Gubernur DKI Jakarta, Pramono Anung mengingatkan, kasus manipulasi AI dalam sistem pengaduan warga, Jakarta Kini (JAKI), tidak boleh terulang kembali di lingkungan Bina Marga.
“Dan jangan sampai terulang seperti nan terjadi di pasukan nan lain, kemudian lantaran kemampuannya sampai JAKI kemudian dimanipulasi, jangan sampai terjadi di tempat ini. Saya meletakkan rasa hormat kepada Saudara-saudara sekalian,” ujar Pramono dalam aktivitas silaturahmi dan legal bihalal berbareng Pasukan Kuning di Kantor Unit Pengelola Penyelidikan, Pengujian dan Pengukuran Bina Marga, Jakarta Timur, Selasa (14/4).
Ia menegaskan, jejeran Bina Marga kudu memahami kondisi di lapangan secara langsung dan bekerja sesuai tanggung jawabnya.
“Sehingga dengan demikian secara unik saya minta betul kepada para Kepala Suku Dinas Bina Marga di lima wilayah kota administrasi, Saudara-saudara kudu betul-betul memahami, mengetahui persoalan lapangan nan ada,” lanjutnya.

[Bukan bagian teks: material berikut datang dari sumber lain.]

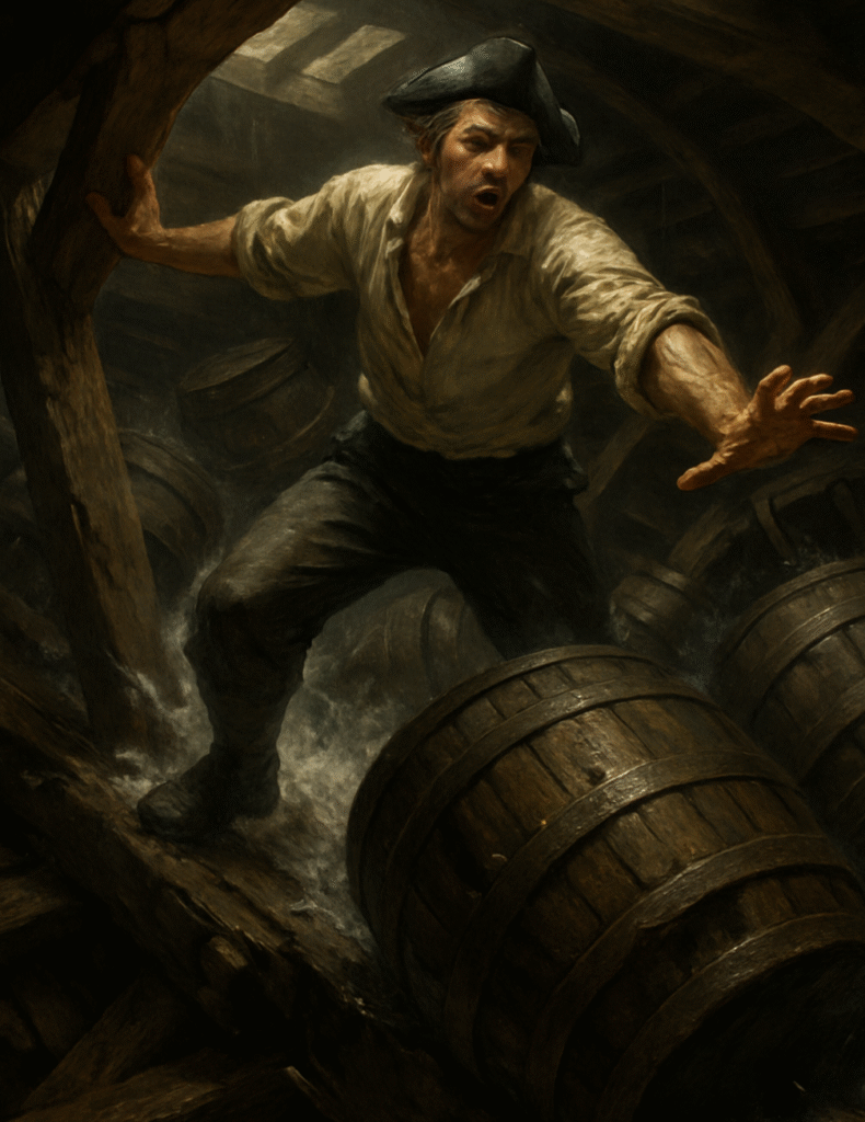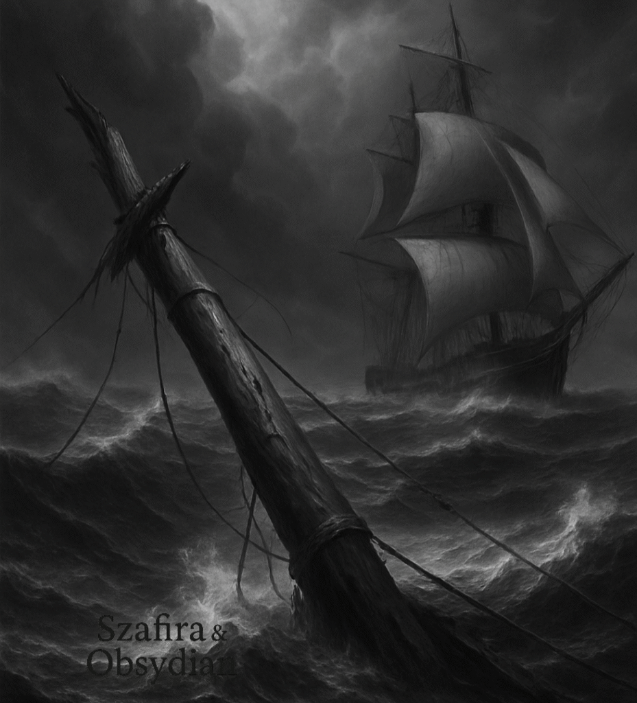 Obsydian stał przy relingu, pilnując, by każdy podmuch wiatru, każda zmiana fali była wychwycona, zanim dotknie rannego okrętu. Wszyscy byli zmęczeni i wyczerpani – zderzeniem z siłami natury której się nie spodziewali.

Dalam kesempatan itu, Pramono juga menyampaikan apresiasi kepada Pasukan Kuning nan selama ini menjadi ujung tombak dalam penanganan prasarana jalan di Jakarta, sekaligus berambisi keahlian tersebut terus dijaga dan ditingkatkan.
“Sehingga dengan demikian dalam kesempatan ini sekali lagi, sebagai Gubernur Jakarta saya berterima kasih kepada Saudara-saudara sekalian. Tetapi tentunya saya berambisi performance kerja alias keahlian alias semangat kerja ini jangan sampai turun, jangan sampai luntur,” tegasnya.
Sebelumnya, kasus manipulasi laporan di aplikasi JAKI pertama kali terungkap pada awal April 2026 ketika seorang penduduk melaporkan masalah parkir liar di area Kalisari, Pasar Rebo.
Alih-alih turun ke lapangan untuk menertibkan kendaraan, oknum petugas justru merekayasa penyelesaian laporan dengan mengunggah foto jalanan kosong hasil editan kepintaran buatan (AI)
Kebohongan publik ini akhirnya terbongkar dan viral di media sosial setelah warganet menyadari kejanggalan visual pada gambar tersebut, nan kemudian berujung pada turunnya pihak Inspektorat DKI Jakarta.
Lurah Kalisari, Siti Nurhasanah, dinonaktifkan dari jabatannya dalam rangka pemeriksaan Inspektorat DKI. Tak hanya menonaktifkan Lurah Kalisari, Kepala Seksi Pemerintahan Kelurahan Kalisari, dan Kepala Seksi Ekonomi dan Pembangunan Kelurahan Kalisari juga diberikan balasan disiplin serta pembinaan.
Di waktu bersamaan, tiga orang petugas PPSU nan terbukti terlibat untuk dikenakan hukuman sesuai ketentuan dalam syarat umum kontrak.
Pemerintah Provinsi DKI Jakarta sekarang melakukan pembenahan besar pada sistem JAKI. Foto laporan kudu diambil langsung dari letak (real-time capture). Lalu aplikasi JAKI bakal dilengkapi teknologi untuk mendeteksi manipulasi foto, termasuk AI.